THIS GUARANTY (“ Guaranty ”) is made as of this 2 nd day of January, 2007 in favor of LASALLE BANK NATIONAL ASSOCIATION, a national banking association, having an address at 135 South LaSalle Street, Suite 3410, Chicago, Illinois 60603 (together with its successors and assigns, “ Lender ”) by NNN REALTY ADVISORS, INC., a Virginia corporation, having an address at 1551 North Tustin Avenue, Ste. 300, Santa Ana, California 92705 (“ Guarantor ”).

BACKGROUND

A. Lender has agreed to loan the principal amount of Twelve Million and No/100 Dollars ($12,000,000.00) (“ Loan ”) to NNN Lenox Medical, LLC, a Delaware limited liability company, (“ Borrower ”). The Loan also will be evidenced by Borrower’s promissory note to Lender of even date herewith (“ Note ”) and secured by, among other things, a mortgage, deed of trust, deed to secure debt or similar security instrument made by Borrower to Lender also of even date herewith (“ Security Instrument ”) which grants to Lender, among other things, a first lien on the property described therein.

B. Guarantor will derive substantial benefit from Lender’s making of the Loan.

C. Lender requires as a condition to making the Loan that Guarantor execute this Guaranty.

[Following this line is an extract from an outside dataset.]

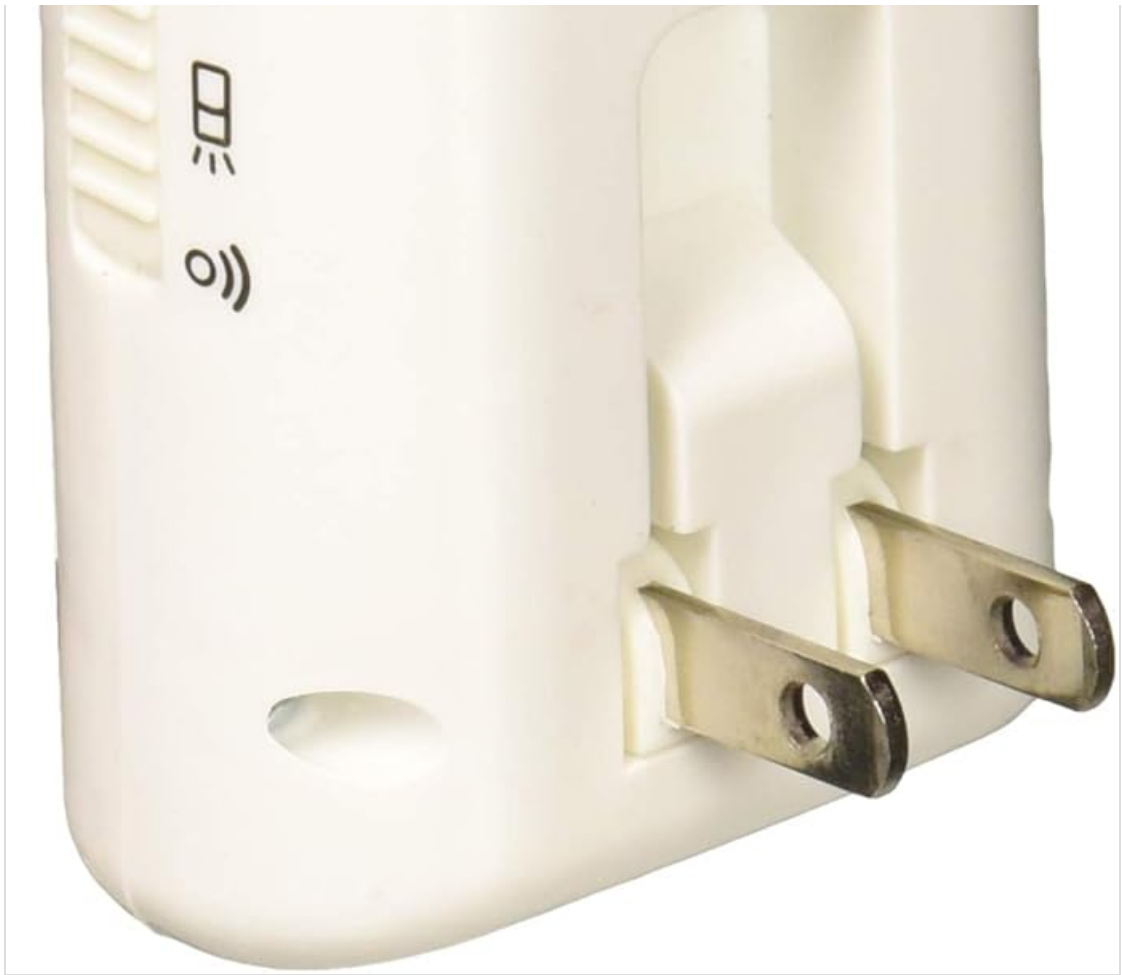
Image: Bottom view of the Globe Electric 8933301 LED Night Light, revealing the two bright LED bulbs that function as a flashlight when the unit is unplugged.

NOW, THEREFORE, to induce Lender to make the Loan, and in consideration of the substantial benefit Guarantor will derive from the Loan, and other good and valuable consideration, the receipt and sufficiency of which are hereby acknowledged, and intending to be legally bound hereby, Guarantor hereby agrees as follows:

ARTICLE 1

DEFINED TERMS

Section 1.01 Defined Terms . Capitalized terms used in this Guaranty and not specifically defined in this Guaranty have the meaning provided in the Security Instrument.

ARTICLE 2

OBLIGATION GUARANTEED

Section 2.01 Guaranty . Guarantor irrevocably and unconditionally guarantees to Lender the prompt payment of all losses, expenses, and other liabilities arising out of or attributable to (i) the violation of any applicable law governing the sale of securities in connection with the structure, organization, sale or syndication of membership interests in NNN Lenox Medical, LLC, or in the sale or syndication of tenant in common ownership interests in the Property, and (ii) the Securities Liabilities (as hereinafter defined) and any legal or other expenses reasonably incurred by Lender, in investigating or defending the Securities Liabilities, to the extent such Securities Liabilities relate to any Securities and Exchange Commission investigation, inquiry or proceeding relating to Triple Net Properties, LLC or any of its affiliates (collectively, the “Guaranteed Obligations”). As used herein, the term “Securities Liabilities” shall mean any liability, obligation or other remedy (including, without limitation, any right of rescission in favor of any Borrower or any member of any Borrower) arising from or related to that certain investigation by the Securities and Exchange Commission (the “SEC”) captioned “In the matter of Triple Net Properties, LLC” (as well as any subsequent related investigation involving any affiliate of Triple Net Properties, LLC) pursuant to which the SEC has requested information, including financial information, from Triple Net Properties, LLC relating to disclosure in public and private securities offerings sponsored by Triple Net Properties and its affiliates.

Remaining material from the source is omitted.